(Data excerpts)
•••
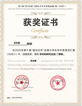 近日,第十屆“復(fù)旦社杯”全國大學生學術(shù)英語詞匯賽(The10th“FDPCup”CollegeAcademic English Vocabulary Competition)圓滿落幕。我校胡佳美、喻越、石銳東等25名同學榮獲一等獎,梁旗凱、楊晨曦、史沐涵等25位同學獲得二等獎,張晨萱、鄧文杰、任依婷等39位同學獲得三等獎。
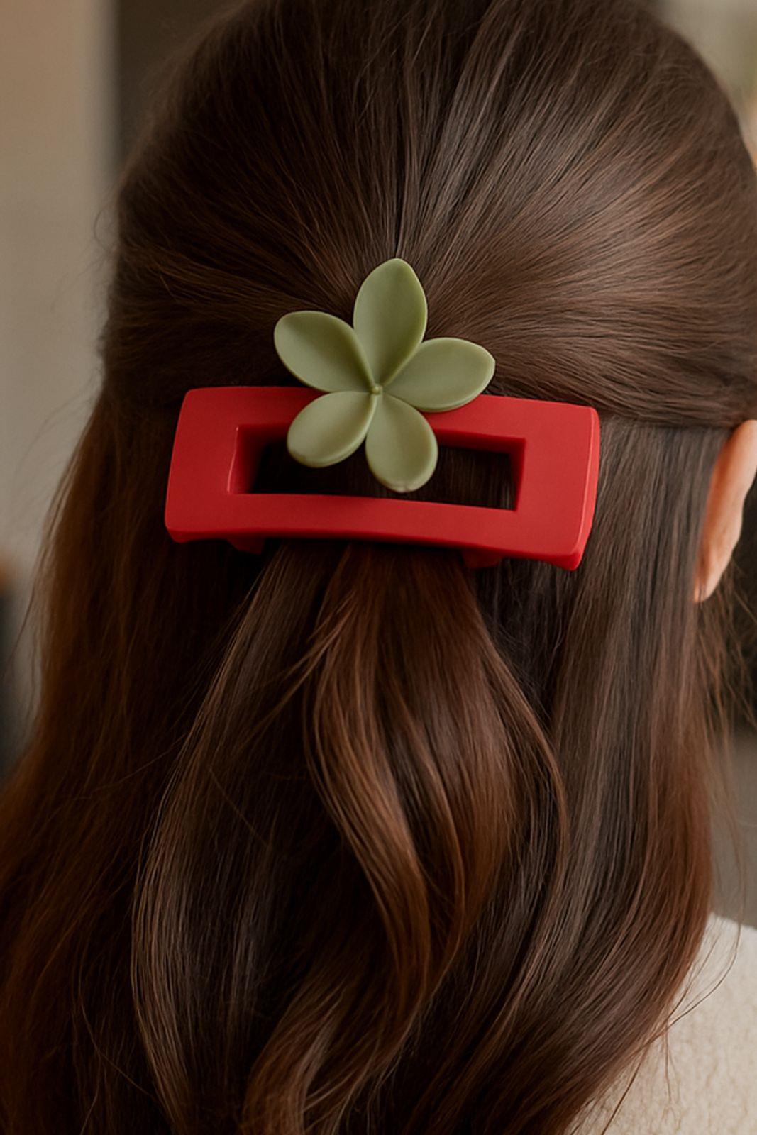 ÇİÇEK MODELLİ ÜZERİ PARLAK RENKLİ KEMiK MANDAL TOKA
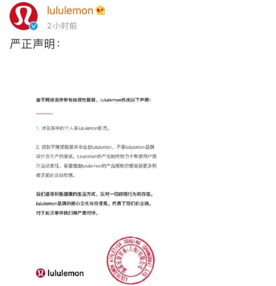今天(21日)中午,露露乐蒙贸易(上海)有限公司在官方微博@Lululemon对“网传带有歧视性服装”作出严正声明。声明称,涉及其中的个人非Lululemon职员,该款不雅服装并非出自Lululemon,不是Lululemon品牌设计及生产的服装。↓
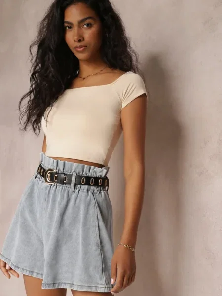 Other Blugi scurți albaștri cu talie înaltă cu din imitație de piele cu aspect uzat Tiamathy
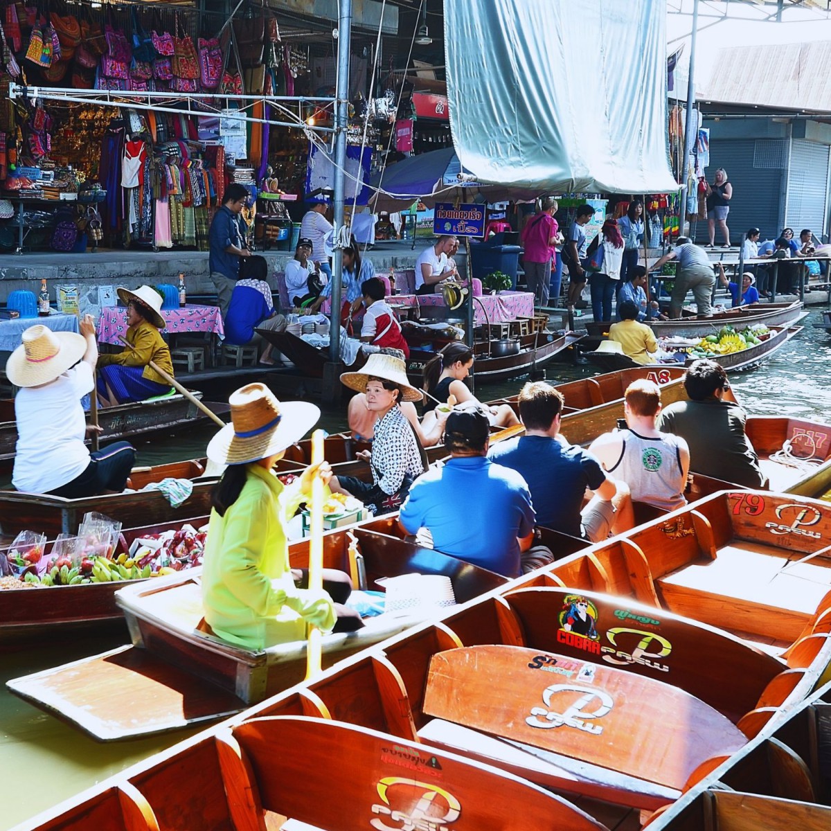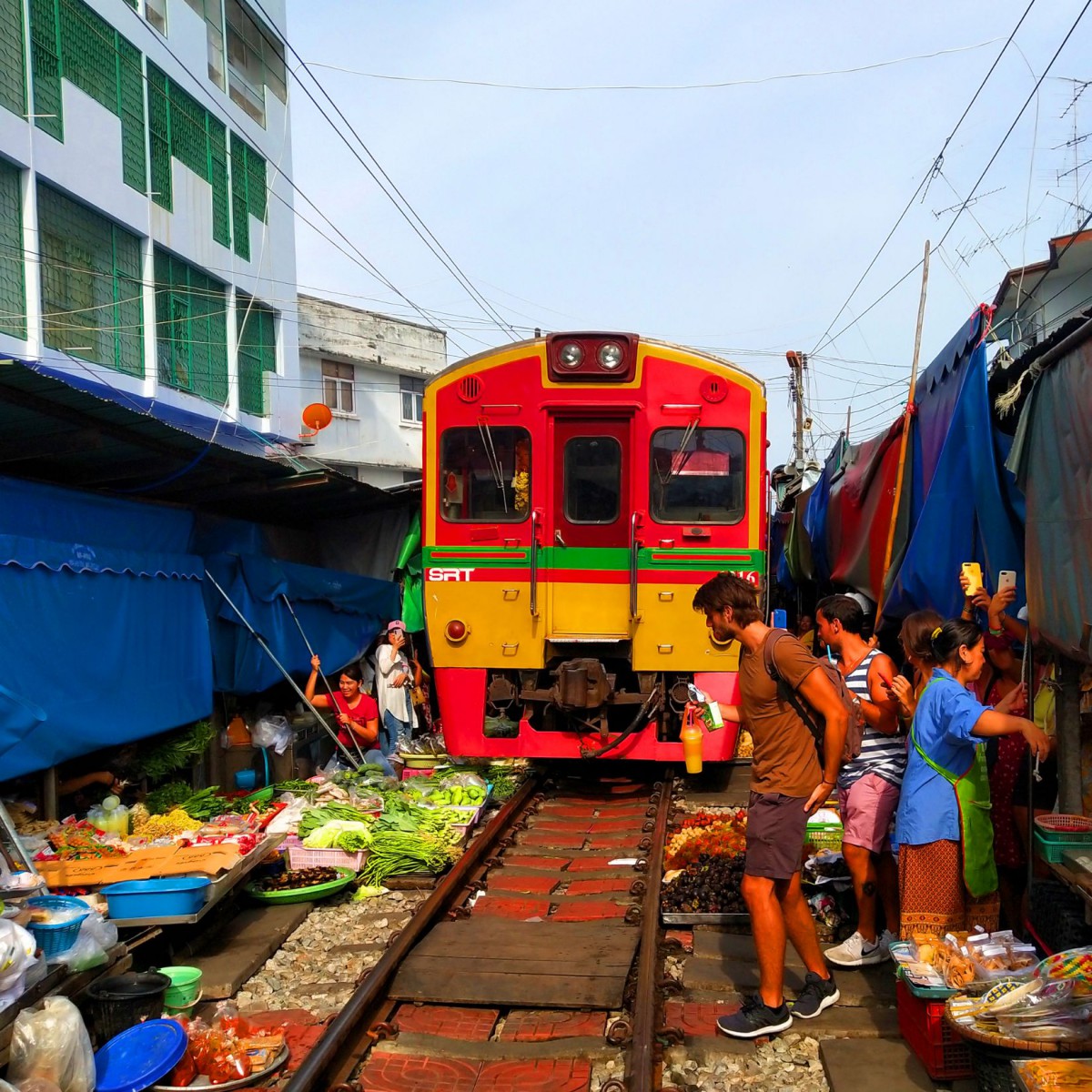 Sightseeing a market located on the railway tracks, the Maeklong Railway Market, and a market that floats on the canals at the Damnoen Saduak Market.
•••
* ACTIVITY *
Although the records hold pictures, return only what remains, word for word.

* EXERCISE RESULT *
 近日,第十屆“復(fù)旦社杯”全國大學生學術(shù)英語詞匯賽(The10th“FDPCup”CollegeAcademic English Vocabulary Competition)圓滿落幕。我校胡佳美、喻越、石銳東等25名同學榮獲一等獎,梁旗凱、楊晨曦、史沐涵等25位同學獲得二等獎,張晨萱、鄧文杰、任依婷等39位同學獲得三等獎。
 ÇİÇEK MODELLİ ÜZERİ PARLAK RENKLİ KEMiK MANDAL TOKA
今天(21日)中午,露露乐蒙贸易(上海)有限公司在官方微博@Lululemon对“网传带有歧视性服装”作出严正声明。声明称,涉及其中的个人非Lululemon职员,该款不雅服装并非出自Lululemon,不是Lululemon品牌设计及生产的服装。↓
 Other Blugi scurți albaștri cu talie înaltă cu din imitație de piele cu aspect uzat Tiamathy
 Sightseeing a market located on the railway tracks, the Maeklong Railway Market, and a market that floats on the canals at the Damnoen Saduak Market.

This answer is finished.